6.1.1 (d,e,f,g) Electrophilic substitution

(d) The electrophilic substitution of aromatic compounds with:

(i) concentrated Nitric Acid in the presence of concentrated Sulphuric Acid

(ii) a Halogen in the presence of a Halogen-carrier

(iii) a Haloalkane or Acyl Chloride in the presence of a Halogen-carrier (Friedel–Crafts reaction) and its importance to synthesis by formation of a C–C bond to an aromatic ring

(e) The mechanism of electrophilic substitution in Arenes for Nitration and Halogenation

{For nitration mechanism, learners should include equations for formation of NO₂⁺.}

{Halogen carriers include Iron, Iron Halides and Aluminium Halides. For the Halogenation mechanism, the electrophile can be assumed to be X⁺}

(f) The explanation of the relative resistance to Bromination of Benzene, compared with Alkenes, in terms of the delocalised electron density of the pi-system in Benzene compared with the localised electron density of the pi-bond in Alkenes

(g) The interpretation of unfamiliar electrophilic substitution reactions of aromatic compounds, including prediction of mechanisms

{Extra information may be provided on exam papers.}

Benzene rings are energetically stable due to the delocalisation energy, addition reactions would involve breaking the ring but not re-forming it.

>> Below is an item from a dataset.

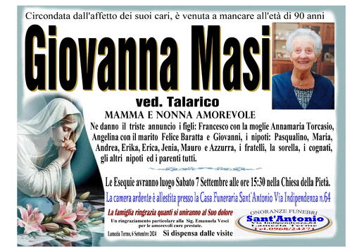 Ne danno il triste annuncio i figli: Francesco con la moglie Annamaria Torcasio, Angelina con il marito Felice Baratta e Giovanni, i nipoti: Pasqualino, Maria, Andrea, Erika, Erica, Jenia, Mauro e Azzurra, i fratelli, la sorella, i cognati, gli altri nipoti ed i parenti tutti.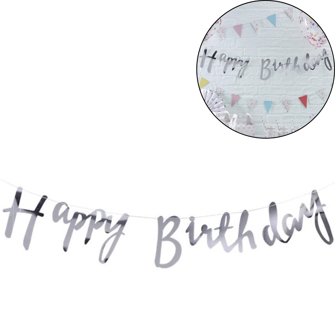 Guirlande de lettres Ginger Ray avec le texte Happy Birthday, 1,5 mètre de long. Idéale comme décoration pour les fêtes danniversaire et facile à accrocher aux murs ou au-dessus dune table. Légère, réutilisable et adaptée aux enfants comme aux adultes.

This is energetically unfavourable and so it is difficult to make aromatic compounds undergo addition.

However, substitution reactions allow the ring to reform.

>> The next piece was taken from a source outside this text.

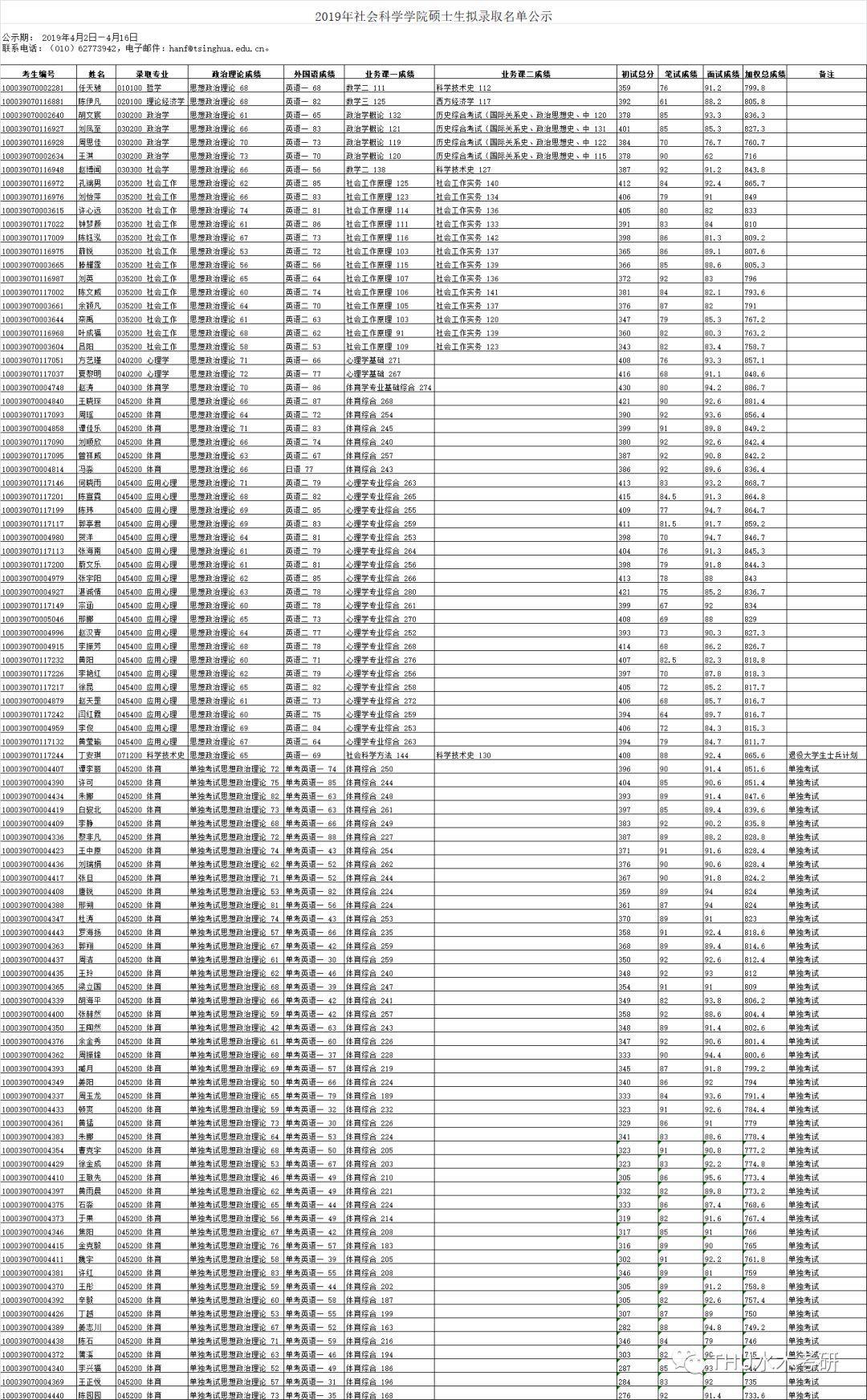 2019年清华大学社会科学学院硕士研究生拟录取名单

So, substitution can happen if the conditions for breaking the ring are met.

You would think that electrophiles would be attracted strongly to all the electrons in the ring.

But this is not the case

Benzene rings don't polarise as much as Alkenes - each C-C bond has only 3 electrons rather than 4 in an alkene.

This makes them less attractive to normal electrophiles than an Alkene would be.

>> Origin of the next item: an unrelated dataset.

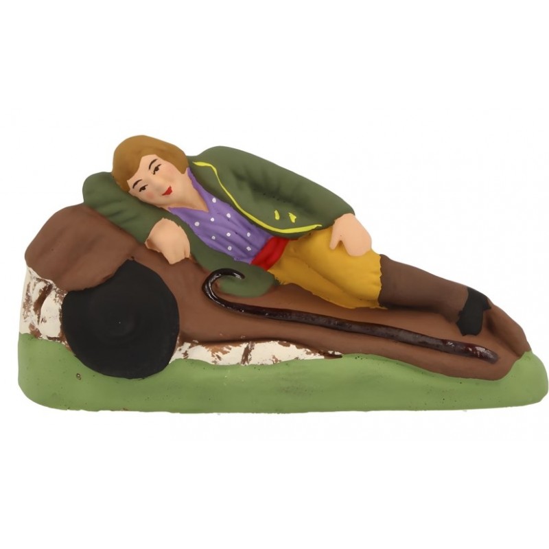 Berger couché de la collection des santons Marcel Carbonel de 7 cm (série N°2).

So, to make aromatic compounds undergo electrophilic substitution requires an electrophile with a positive charge.

You really have to learn this mechanism and be able to draw it accurately - it is the same for all electrophilic substitutions.

1. The first curly arrow must start on the ring - but it can start anywhere on the ring

2. The broken ring must cover 4 of the C-C bonds (not significantly more, not significantly less)

3. The examiners want to see the + charge on the broken ring away from Carbon 1 (people lose marks for this all the time!)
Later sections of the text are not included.